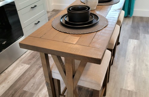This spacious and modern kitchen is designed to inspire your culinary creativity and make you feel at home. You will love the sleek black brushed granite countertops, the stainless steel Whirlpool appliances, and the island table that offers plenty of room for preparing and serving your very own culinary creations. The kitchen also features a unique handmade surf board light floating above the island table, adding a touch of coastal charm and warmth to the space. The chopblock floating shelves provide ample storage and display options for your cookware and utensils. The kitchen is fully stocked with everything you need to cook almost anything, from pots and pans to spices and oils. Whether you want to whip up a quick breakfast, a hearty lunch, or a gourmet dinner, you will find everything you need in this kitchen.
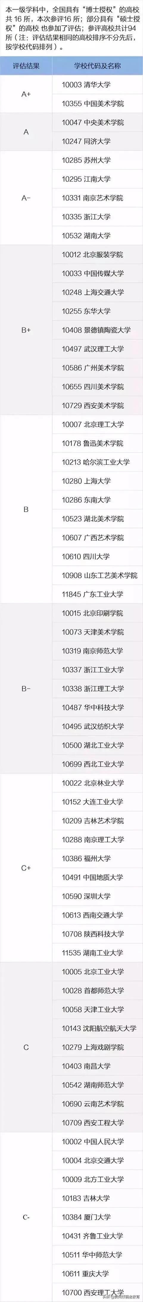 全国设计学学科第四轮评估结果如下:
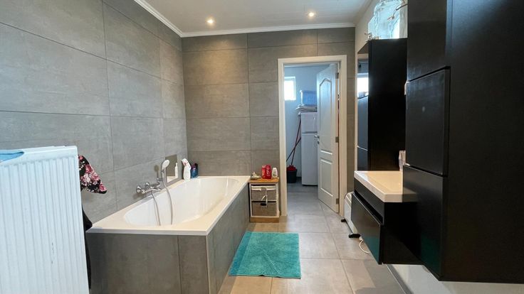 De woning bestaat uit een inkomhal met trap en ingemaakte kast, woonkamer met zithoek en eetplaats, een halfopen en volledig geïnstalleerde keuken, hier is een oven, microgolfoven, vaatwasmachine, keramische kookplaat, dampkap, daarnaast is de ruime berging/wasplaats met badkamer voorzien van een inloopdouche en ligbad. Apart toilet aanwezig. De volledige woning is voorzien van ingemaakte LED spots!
==
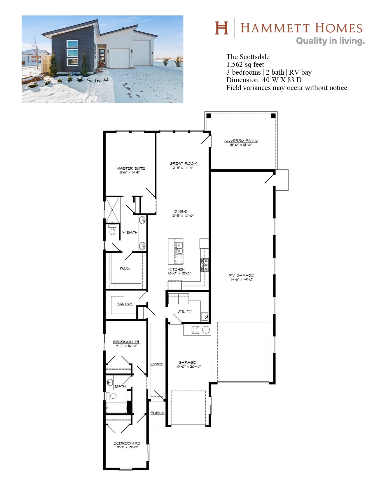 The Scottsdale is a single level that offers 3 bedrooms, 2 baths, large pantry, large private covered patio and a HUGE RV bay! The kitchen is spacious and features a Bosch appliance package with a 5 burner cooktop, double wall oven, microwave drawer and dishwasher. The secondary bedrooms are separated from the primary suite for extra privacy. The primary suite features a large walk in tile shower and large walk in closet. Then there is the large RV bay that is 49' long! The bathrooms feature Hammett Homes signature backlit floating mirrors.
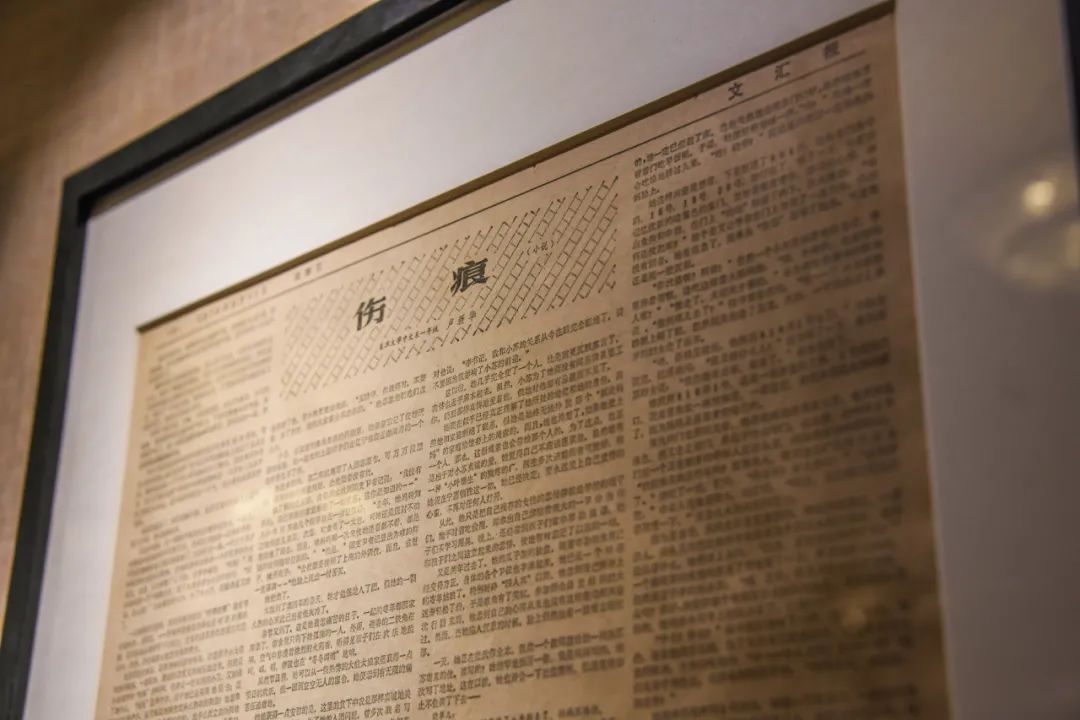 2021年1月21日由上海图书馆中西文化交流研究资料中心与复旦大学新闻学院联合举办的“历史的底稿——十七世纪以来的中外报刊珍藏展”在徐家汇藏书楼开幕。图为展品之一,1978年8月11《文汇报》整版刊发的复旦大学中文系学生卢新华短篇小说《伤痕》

### What to produce
Give back the exact lines above, running from the one that has "This spacious and" through the one that has "De woning bestaat", with nothing added and no pictures.

### Result
This spacious and modern kitchen is designed to inspire your culinary creativity and make you feel at home. You will love the sleek black brushed granite countertops, the stainless steel Whirlpool appliances, and the island table that offers plenty of room for preparing and serving your very own culinary creations. The kitchen also features a unique handmade surf board light floating above the island table, adding a touch of coastal charm and warmth to the space. The chopblock floating shelves provide ample storage and display options for your cookware and utensils. The kitchen is fully stocked with everything you need to cook almost anything, from pots and pans to spices and oils. Whether you want to whip up a quick breakfast, a hearty lunch, or a gourmet dinner, you will find everything you need in this kitchen.
 全国设计学学科第四轮评估结果如下:
 De woning bestaat uit een inkomhal met trap en ingemaakte kast, woonkamer met zithoek en eetplaats, een halfopen en volledig geïnstalleerde keuken, hier is een oven, microgolfoven, vaatwasmachine, keramische kookplaat, dampkap, daarnaast is de ruime berging/wasplaats met badkamer voorzien van een inloopdouche en ligbad. Apart toilet aanwezig. De volledige woning is voorzien van ingemaakte LED spots!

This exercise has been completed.